Endocrine Research Unit College of Medicine Mayo Clinic Rochester, Minnesota 55905

Address all correspondence and requests for reprints to: Dr. Sundeep Khosla, Endocrine Research Unit, College of Medicine, Mayo Clinic, 200 First Street SW, Rochester, Minnesota 55905. E-mail: khosla.sundeep{at}mayo.edu.

Males (human or mouse) have bigger bones than females, but there is more to differences between the male and female skeleton than just size. Studies using transiliac bone biopsies (1) and three-dimensional high-resolution peripheral quantitative computed tomography (2) have clearly demonstrated that trabecular structure also differs between the sexes. Males have thicker trabeculae than females and, with aging, lose bone on the basis of thinning of these trabeculae, rather than the complete loss of trabeculae, as occurs in females (1, 2). Thus, whereas studies to date have focused largely on explaining why males have bigger bones than females, as our tools to assess trabecular microstructure become more sophisticated, there is growing interest in trying to understand why males may be different from females not just in bone size but also in bone structure.
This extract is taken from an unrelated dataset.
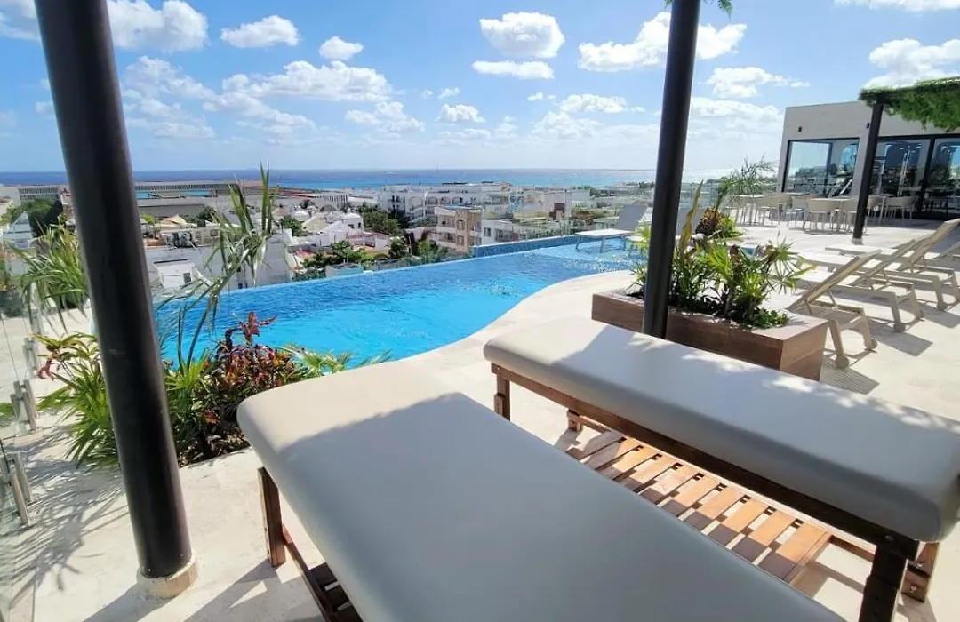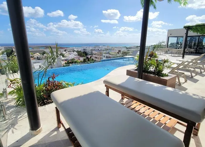 Fabulosa Vista Al Mar Desde La Piscina Infinita Playa del Carmen appartement ligt in het centrum van Playa del Carmen en biedt uitzicht op het zwembad. Kool Beach Club en Skydive Playa liggen op 7 minuten wandelen van en op minder dan 1 km afstand van het appartement van 45 m^2.

It is in this context that the study by DeMambro et al. (3) in this issue is of particular interest. The authors provide a detailed analysis of the skeletal phenotype of male and female IGF binding protein (IGFBP)-2 knockout (IGFBP-2^–/–) mice, and whereas their original hypothesis was that IGFBP-2 regulated bone turnover (a plausible notion, based on previous work discussed below), the somewhat unexpected finding was that loss of IGFBP-2 had markedly different consequences for trabecular microstructure in males vs. females. Although the story would have been much simpler if male and female IGFBP-2^–/– mice had similar skeletal phenotypes relative to their wild-type (+/+) gender mates, unexpected findings such as those in this study sometimes provide a much more fundamental understanding of biology than had the study actually worked as hypothesized.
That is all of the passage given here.